- Born: December 24, 1816 Kunkle's Mill, East Brunswick Township, Pennsylvania, U.S.
- Died: January 7, 1903 (aged 86)
- Occupations: Farmer, Politician
- Known for: member of the Pennsylvania House of Representatives
- Political party: Republican
- Children: 11, including Richard H. Koch
- Relatives: Roscoe R. Koch (grandson) Richard L. Yuengling Jr.

= Daniel Koch (politician) =

American politician

Daniel Koch (December 24, 1816 - January 7, 1903) was an American politician. A member of the Pennsylvania House of Representatives, he was elected in 1860. He was the father of railroad magnate Richard H. Koch and served as a Union soldier in the Civil War.

==Early life==
Koch was born as the first of ten children to Henry Koch and Susanna Bock Koch on December 24, 1816. He was born at the mill that his ancestors built, called Kunkle's Mill. Susanna was the daughter of Balthaser Bock, an emigrant from Prussia.
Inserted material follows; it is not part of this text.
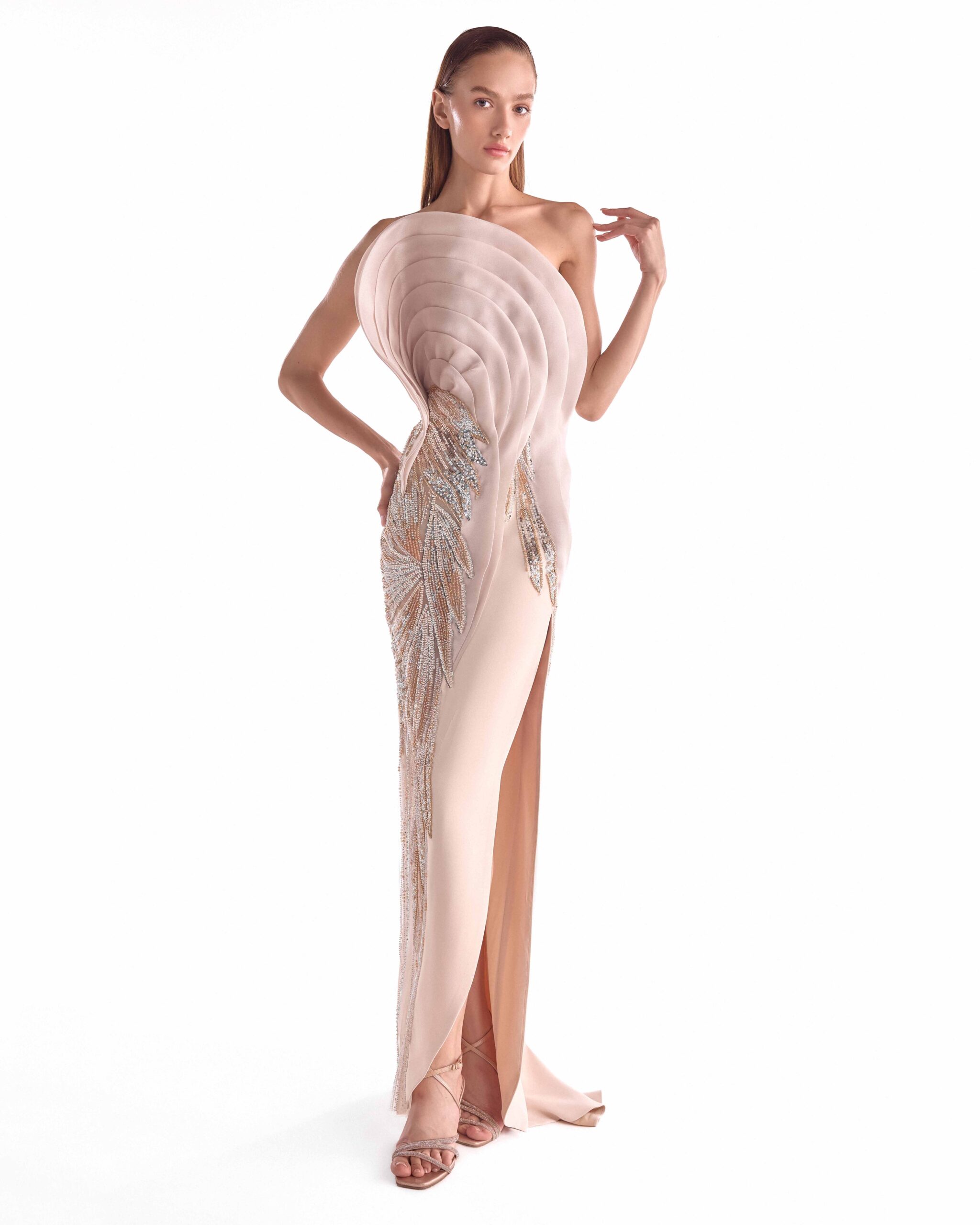 Defined by sculptural detailing, this strapless nude gown features a fan-shaped organza bust, lace embroidery, and a sleek silhouette with a high slit.

Koch was also ethnically Germanic; his ancestor Adam Koch arrived from Germany on May 30, 1741. Adam settled in Whitehall Township, Pennsylvania.

Daniel Koch's siblings were: Hugh, Henry, William and Charles (twins), Mary (who married Eli Miller), Catherine (who married William Shuman), Sarah (who married Charles T. Bowen of Pottsville), and Amanda (who married Jacob H. Pyle).

On October 24, 1839, Daniel married Miss Mary Ann Beck who was "from an old and prominent family in Pennsylvania." She was born on January 24, 1818, and died August 26, 1888. Together, Koch and Mary had eleven children, being: Harriet (who married B. F. Jacobs), Francis Daniel, Allen, Jeremiah, Albert B., Sarah Maria (who married Dr. Lentz of Fleetwood), Richard Henry, Emanuel, Arenius Glen, Catherine "Kate" Mary (who married Oscar B. Mellott), and Ambrose Ellsworth. All but Albert B. lived to maturity, who died at the age of six.

===Business===
After his marriage to Mary, the family moved to Middleport, Pennsylvania, where Koch joined in the mercantile business. In 1857, they moved again, and this time he began farming. Daniel's father Henry had been a successful farmer, merchant and miller. Daniel continued in that tradition and ended up owning the Koch Homestead, which comprised 143 acres. Of those, over 100 were cultivated.

In 1866, the family moved again, this time to Monocacy in Berks County. There, Koch purchased and managed a flour mill. He purchased a second mill in the town of Fleetwood, which he operated until his retirement in 1882.

==Politics==
Koch was considered "an influential man in politics." He stumped the county with a number of influential men, including Anson Burlingame, Governor Andrew Gregg Curtin, George Francis Train, and others. He was nominated and elected to the Pennsylvania House of Representatives in 1860, as a Republican, where he was considered "a very popular public speaker and valued member of his party."

In 1863, when Pennsylvania was invaded by General Robert E. Lee of the Confederate States Army during the Civil War, Daniel and his third son Jeremiah served in protecting the state. Both joined Company E in the 27th Pennsylvania Infantry Regiment. Daniel's oldest son Francis served for three years in the Union Army against the Confederates as a company commander, gaining the rank of captain. Daniel's brothers Hugh, Henry, William and Charles also served in the Union army as well.